Выслушав такие слова царя и видя, чему они могут подвергнуться, ювелиры страшно взволновались, испугались и ответили:

— О царь времен, такая жемчужина — вещь очень нежная. Нам известно, что, для того чтобы проколоть и обыкновенный жемчуг, нужна редкая ловкость и сноровка и что редкий ювелир достигает цели без нескольких неизбежных неудач. Умоляем тебя, не налагай на нас непосильной обязанности, так как мы признаем, что не обладаем требуемым искусством.

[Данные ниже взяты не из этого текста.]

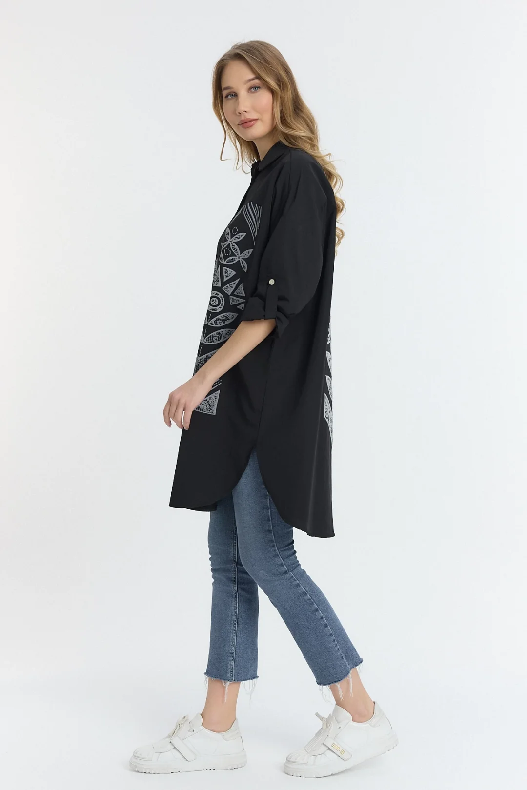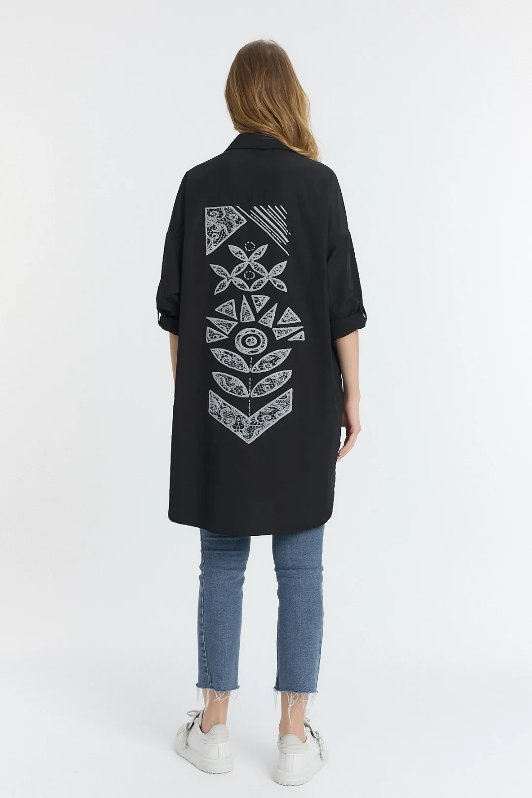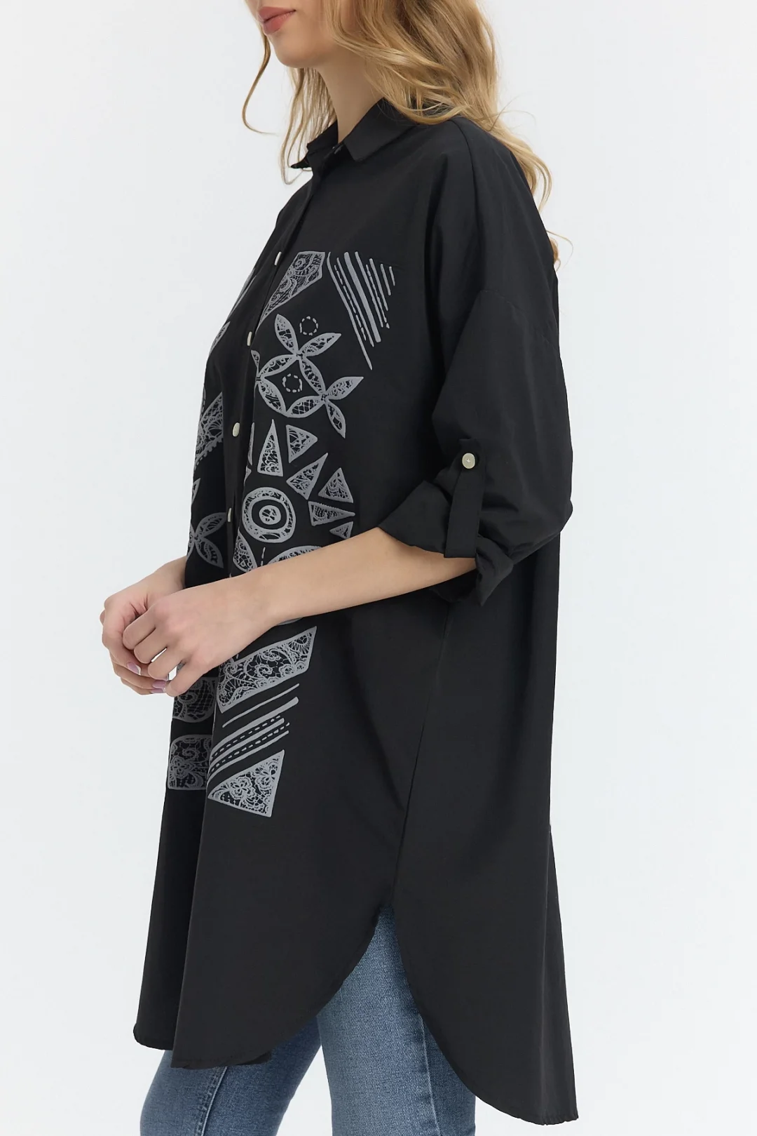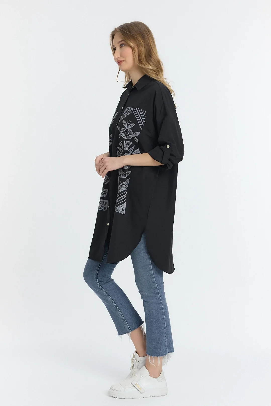 Şili çiçek figürlü oversize kadın gömlek-Siyah

Впрочем, мы можем указать тебе человека, который сумеет совершить это чудо искусства, и этот человек — наш шейх.

Царь спросил:

— А кто ваш шейх?

Они ответили:

— Это ювелирных дел мастер Обейд. Он несравненно искуснее нас: у него по глазу сидит на конце каждого пальца, и необычайно тонко видит каждый глаз.

Царь сказал:

— Ступайте и приведите его, да не мешкайте!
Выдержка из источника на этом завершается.